There's a riveting, impactful and action-packed new version of the Robin Hood legend coming to screens next month with the upcoming series, Robyn Hood, created by the infamous Director X.
Fans at Toronto's Fan Expo Canada got an advanced screening of the Global and Stack TV show's first episode, set to premiere on Sept. 27.
The first episode alone is one of the most fast-paced, emotional and comprehensive premieres you'll watch.
Robyn Hood stars Jessye Romeo as Robyn Loxley. She's part of the The Hood, a masked hip-hop group that makes viral videos online.
But as housing prices continue to skyrocket, Robyn's working-class community — including her mother — is incredibly concerned about the widening gap with the rich in New Nottingham. They're particularly against a rich developer, John Prince (Ian Matthews), who has the local sheriff tied around his finger. As tensions take a catastrophic turn, The Hood decides to fight back against the elite to support their community.
"I'm a real believer in coming out of the gate just fast and powerful, and just make sure you're hooking your audience," Toronto-based screenwriter Chris Roberts told Yahoo Canada about the show's powerful first episode. "You want to deliver those big story returns as much as you can.
"You want to get people excited. You want to get people invested in the characters and then make them just hooked on the show."

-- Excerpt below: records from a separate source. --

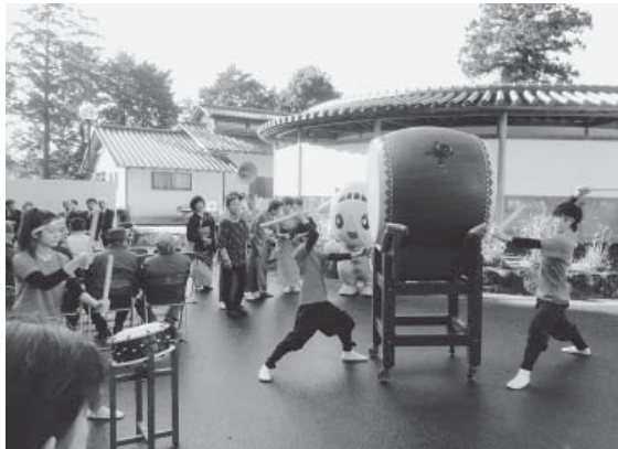
昨年11月に実施された「やすらぎの里まつり」

A. 当施設は、7月3日に20周年を迎える。毎年、秋に「やすらぎの里まつり」を開催してきたが、現在、当施設は、敷地が整備され、春から夏にかけて梅や桜、紫陽花、百合などが次々に開花する。施設のアピールができるこの時期に合わせて、記念事業を開催したいと考えている。具体的内容は、今後、実行委員会で協議する。
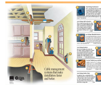
그림 12. 설비 시스템

또한 IT시스템의 적극적인 활용으로 주택내부를 전체적으로 조정하고 감시한다. 에너지 관리는 원격으로 조절되는 온도장치, 전등, 난방기 등으로 하고 있으며 비디오 모니터링과 화재경보를 통해 안전과 보안을 강화하였다. 또한 'Cyber nurse'를 통해 매일매일 인터넷으로 거주자의 건강을 관리한다. 이 프로젝트는 건축 공간, IT시스템의 활용뿐만 아니라 지역 전체를 자립생활이 가능한 시범지역으로 조성하기 위한 연구를 지속적으로 하고 있으며, 대학과 연계하여 학생들의 교육 및 인식개선을 위한 사업도 실시하고 있다.
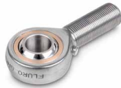
Fig. mostra accessorio opzionale 1 SAUTER CE R20, altri accessori sono disponibili nel webshop
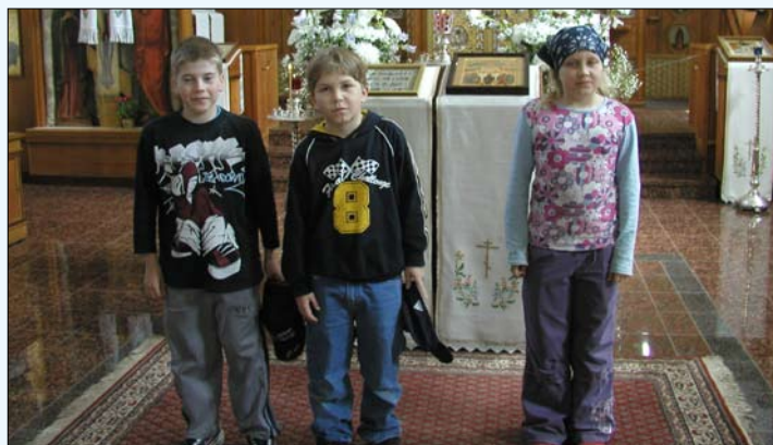
Tuusniemen alakoulu kävi tutustumassa Valamon kirkkoon viime keväänä.

SIRPA OKULOV P 0500 946 601 SIRPA.OKULOV@ORT.FI
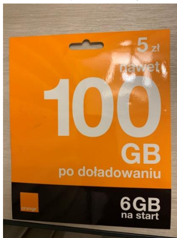
▲我使用的 Orange 電信 sim 卡

購買後，5 波幣 14 天可使用 6GB，之後儲值 30 波幣一個月可使用 15GB。
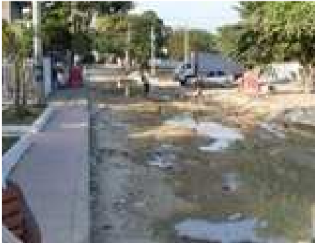
Zona por reparar
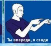
Ты впереди, я сзади
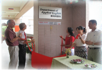
【應英系校友捐贈名牌儀式】
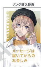
リング購入特典 撮り下ろしビジュアルを使用した複製メッセージ付きポストカード 1点購入につき、1枚プレゼント ※画像はイメージです ©ANYCOLOR, Inc.
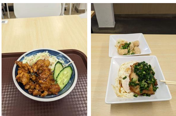
新亞書院學餐，炸雞好吃
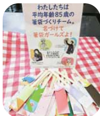
お手紙弁当の利用者さんも箸袋作りに協力
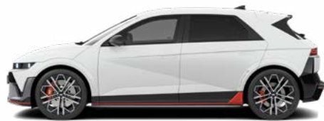
Atlas White Matte
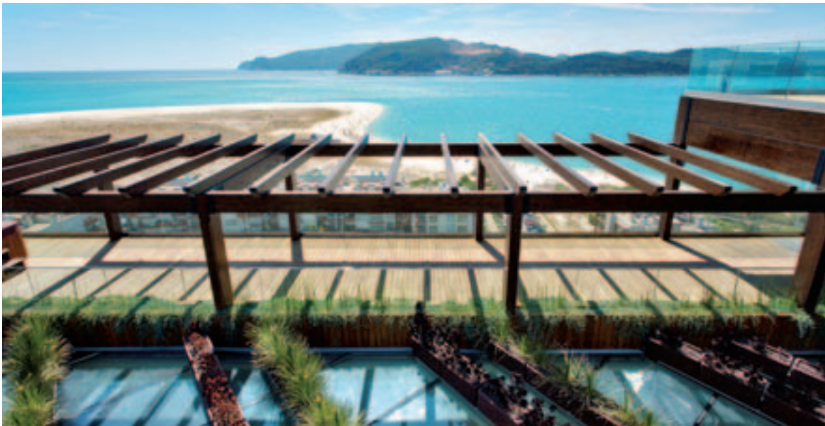
O ambiente romântico de Tróia é uma das nossas sugestões, mas o amor também bate à porta no resto do País

RYANAIR COM BILHETES LISBOA-PORTO A €7,99
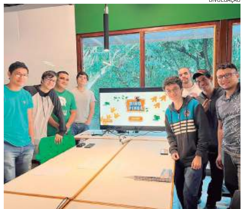
Universitários do Ludus Lab UEA

Os interessados podem participar virtualmente de qualquer lugar do Brasil, realizando sua inscrição no site oficial, onde também é possível conferir a programação completa e os convidados renomados nacionalmente: https://www.event3.com.br/ludus-lab-summit-2023/ .
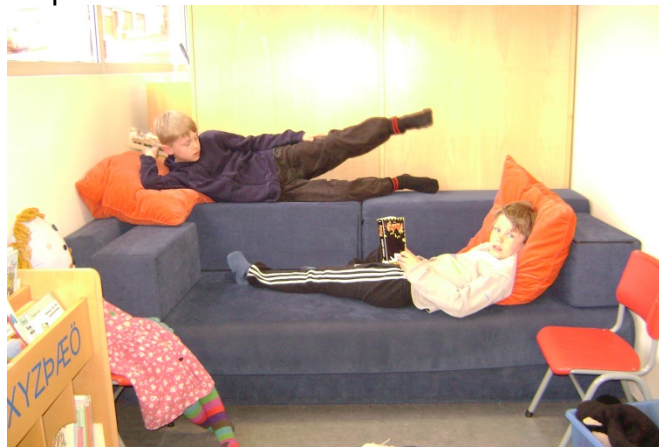
Á barnadeild 2012

Þessir liðir verða uppfærðir í febrúar 2014
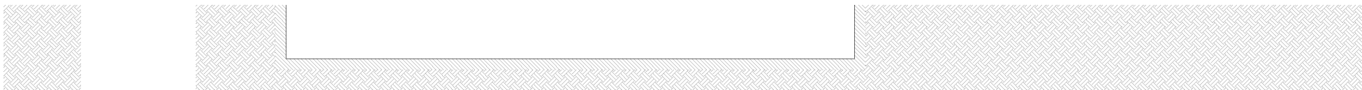
COUPE AA_ 1/50
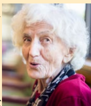
(Symbolbild mit Fotomodell)

Aus Scham verschweigen viele betagte Frauen ihre gynäkologischen Symptome. Der Hausarzt kann helfen, indem er auf häufige gynäkologische Probleme
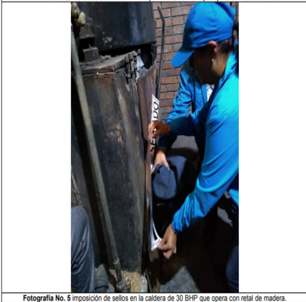
Fotografía No. 5 imposición de sellos en la caldera de 30 BHP que opera con retal de madera.

ALCALDÍA MAYOR DE BOGOTÁ D.C. SECRETARÍA DE AMBIENTE
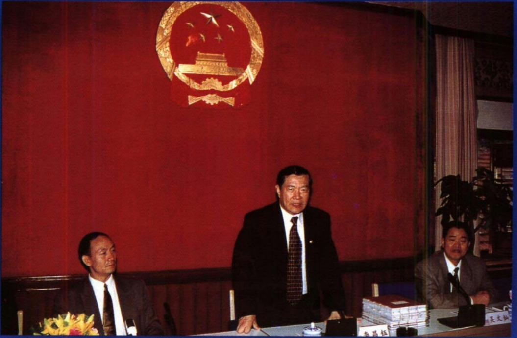
李博士在国内讲学。
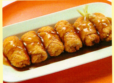
127. POLLO ENROLLADO C/ LANGOSTINOS S/ 26.00
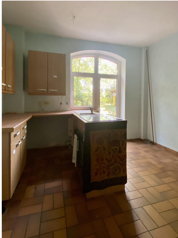
Große Küche mit Terrasse
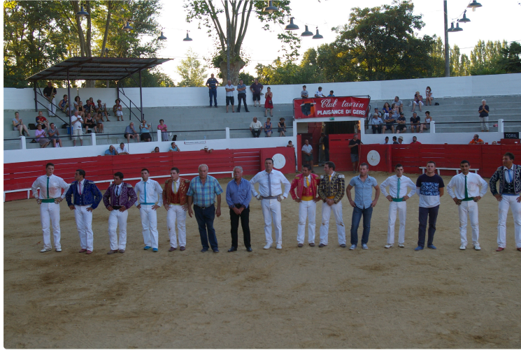
Course Landaise d' Août
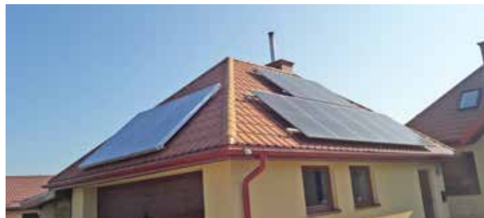
Instalacja fotowoltaiczna i kolektory słoneczne na dachu budynku gospodarczego

Zamontowano 126 kompletów instalacji fotowoltaicznych oraz 81 kompletów instalacji kolektorów słonecznych. Dokonano odbiorów rzeczowych powyższych instalacji. Aktualnie grupy montażowe dokonują likwidacji usterek oraz poprawek jakie zostały wykazane podczas odbiorów rzeczowych instalacji. Równolegle trwają wymiany liczników energii elektrycznej przez PGE Dystrybucja S.A. na liczniki dwukierunkowe. Rozliczenie końcowe projektu planowane jest na przełom miesięcy lipiec-sierpień 2023 r.
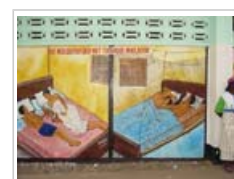
Fresco promoviendo el uso de mosquiteros [véase el anexo 1, pág. 6]

6.2 En la región de África de la OMS , el número de casos y muertes por paludismo registrado fue más del doble entre 2001 y 2006, lo que se traduce o bien en una mejora de la vigilancia o en la realización de informes más completos en los últimos años. Además, como las campañas de control en la mayoría de países africanos sólo cubrían una pequeña parte de la población en 2006, aún no se espera que el número de casos de paludismo y de defunciones causadas por la enfermedad en la región se reduzca por completo.

With creator Director X at the helm, the famed Canadian filmmaker who created some of the best music videos in history (including the video for Drake's "Hotline Bling"), that stylish visual storytelling is very much brought into Robyn Hood's visuals.
"We knew this was going to be a young adult show, we're moving very fast," Director X said. "Just even a level of production logistics, how fast we've got to move.
"But it definitely was not going to be a show [with] long, slow camera moves and slowly panning. We knew we weren't going to be doing that."
Moving away from stereotypes
Robyn Hood's cast praised both Director X and Roberts for their experience of collaboration on set.
"It was really cool because X and Chris, they gave us character profiles and they were really in depth," Toronto actor Nykeem Provo told Yahoo Canada. "You don't really get that with most projects.
"Then working with Chris, X and the writers, ... it's a collaborative effort. So they allowed us to play and we got to also improvise some lines and stuff like that. Like if something was working or wasn't working for us, they were super open to allowing us to play and find what worked, and I think for all of us, I think that was really cool."
That sense of freedom while on set resonated with other Robyn Hood actors, too.
"I didn't feel like I had to be word perfect and I think as an actor, it's always great when you have that kind of freedom, because you get to really embody your character and not stay so stuck to the lines," actor and model Idrissa Sanogo added. "You get to breathe it and that's pretty cool, when people give you that opportunity."
Toronto-based actor Ksenia Daniela Kharlamova also highlighted that when she read Robyn Hood's scripts, something that particularly stood out is how well-developed and non-stereotypical the full cast of characters are in the show.
"Once I started reading more of the scripts and especially when I auditioned, the characters were all so well-rounded and such individuals," Kharlamova said.
"They weren't stereotypes or ... just written there to forward the plot. They were all people who had interests and hopes and dreams, which I really enjoyed because you don't see that often. Especially with shorter series like we have."
Creating meaningful art
The story of Robin Hood always had political and social commentary, with the concept of stealing from the rich to give to the poor. In Robyn Hood, the series takes that notion and addresses very contemporary societal and political issues we see today.
"I'm a big believer in entertainment first, making sure the show is fun, making sure it's action-packed, drawing the audience in," Roberts said. "But I think for any piece of art to be truly meaningful and truly great, you have to be saying something with it.
"I think right now, this is the time for a show like this. ... People look around and they see the rich are getting pretty rich and the poor are getting pretty poor. Maybe it feels like we need to address that somehow. Maybe it feels like we need a new kind of hero, and to do that, we went back to the one of the oldest heroes, one of the most enduring legends of all time."
Director X added that there has been "some really great, strong storytelling," but there's always a correct balance within that art.
"I feel actually really blessed to come up and the type of sci-fi movies and comic books that we came in, where they could make a commentary but not beat you over the head with it," Director X said. "But at the same time, you were enjoying the visceral part of the whole thing.
"Now, a lot of entertainment leans a little too message-y and you see a lot of rejection of these things. So we went back to our roots and tried to make something that really speaks to that generation we're from."